* Task brief: From the material below, return exactly the lines starting at the one that holds "El gobernador Brown" and ending at the one that holds "PIA GUIDETTI Pair". Pictures stay out of the answer.

* Input material:
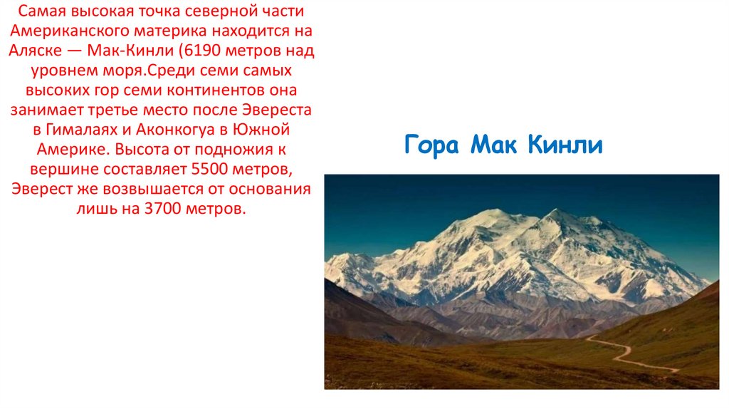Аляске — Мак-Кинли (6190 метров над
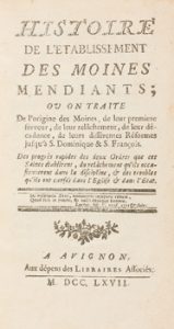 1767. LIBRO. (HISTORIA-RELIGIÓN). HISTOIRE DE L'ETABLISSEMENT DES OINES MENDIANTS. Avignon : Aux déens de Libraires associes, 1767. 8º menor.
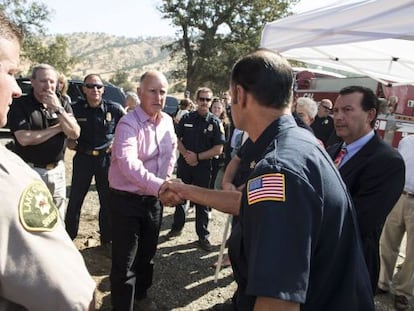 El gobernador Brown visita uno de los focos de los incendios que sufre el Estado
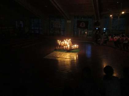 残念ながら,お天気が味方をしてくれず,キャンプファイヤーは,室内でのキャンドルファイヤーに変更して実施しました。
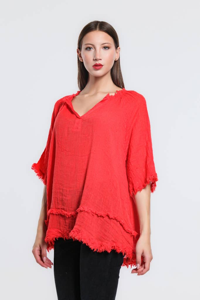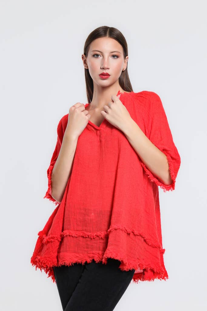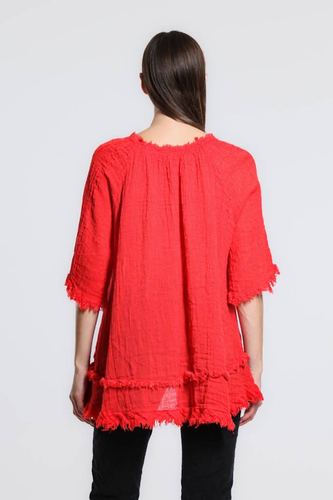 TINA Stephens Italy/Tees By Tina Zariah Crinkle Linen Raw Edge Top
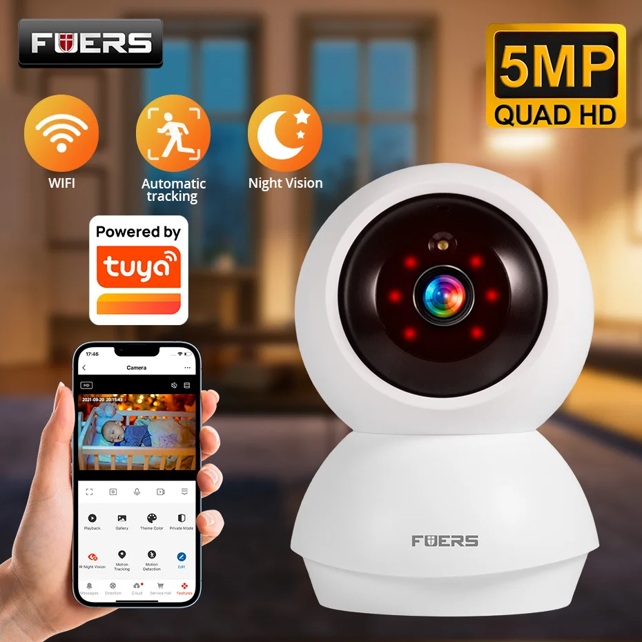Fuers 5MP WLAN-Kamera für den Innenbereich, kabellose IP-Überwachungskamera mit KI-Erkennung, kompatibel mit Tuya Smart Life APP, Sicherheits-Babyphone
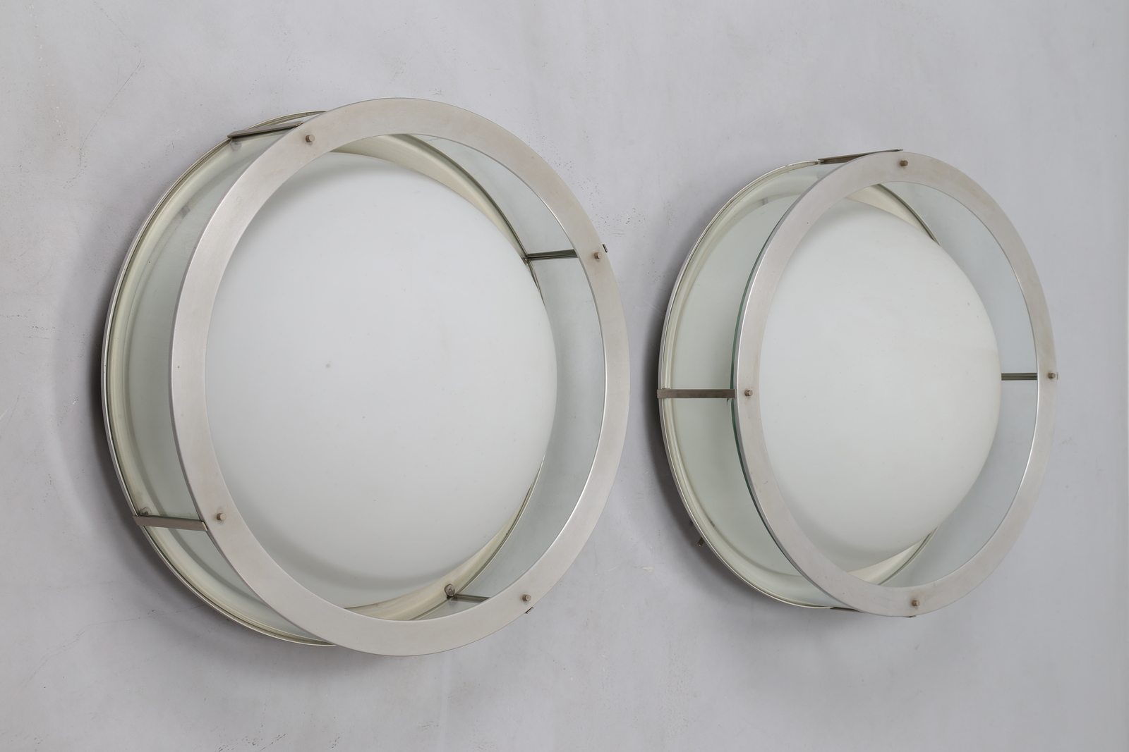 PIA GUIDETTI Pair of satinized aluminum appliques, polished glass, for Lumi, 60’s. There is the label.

* * *

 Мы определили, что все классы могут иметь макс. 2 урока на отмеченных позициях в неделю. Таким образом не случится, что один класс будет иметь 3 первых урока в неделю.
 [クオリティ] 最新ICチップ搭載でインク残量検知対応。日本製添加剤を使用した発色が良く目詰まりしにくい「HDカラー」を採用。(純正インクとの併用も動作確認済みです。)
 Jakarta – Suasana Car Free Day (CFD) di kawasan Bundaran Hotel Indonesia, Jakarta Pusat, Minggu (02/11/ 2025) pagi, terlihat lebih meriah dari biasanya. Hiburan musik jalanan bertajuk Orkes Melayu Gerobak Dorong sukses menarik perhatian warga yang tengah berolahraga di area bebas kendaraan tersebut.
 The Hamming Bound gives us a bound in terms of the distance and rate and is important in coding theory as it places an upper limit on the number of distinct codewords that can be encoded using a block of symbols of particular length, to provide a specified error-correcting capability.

* Task solution:
 El gobernador Brown visita uno de los focos de los incendios que sufre el Estado
 残念ながら,お天気が味方をしてくれず,キャンプファイヤーは,室内でのキャンドルファイヤーに変更して実施しました。
 TINA Stephens Italy/Tees By Tina Zariah Crinkle Linen Raw Edge Top
Fuers 5MP WLAN-Kamera für den Innenbereich, kabellose IP-Überwachungskamera mit KI-Erkennung, kompatibel mit Tuya Smart Life APP, Sicherheits-Babyphone
 PIA GUIDETTI Pair of satinized aluminum appliques, polished glass, for Lumi, 60’s. There is the label.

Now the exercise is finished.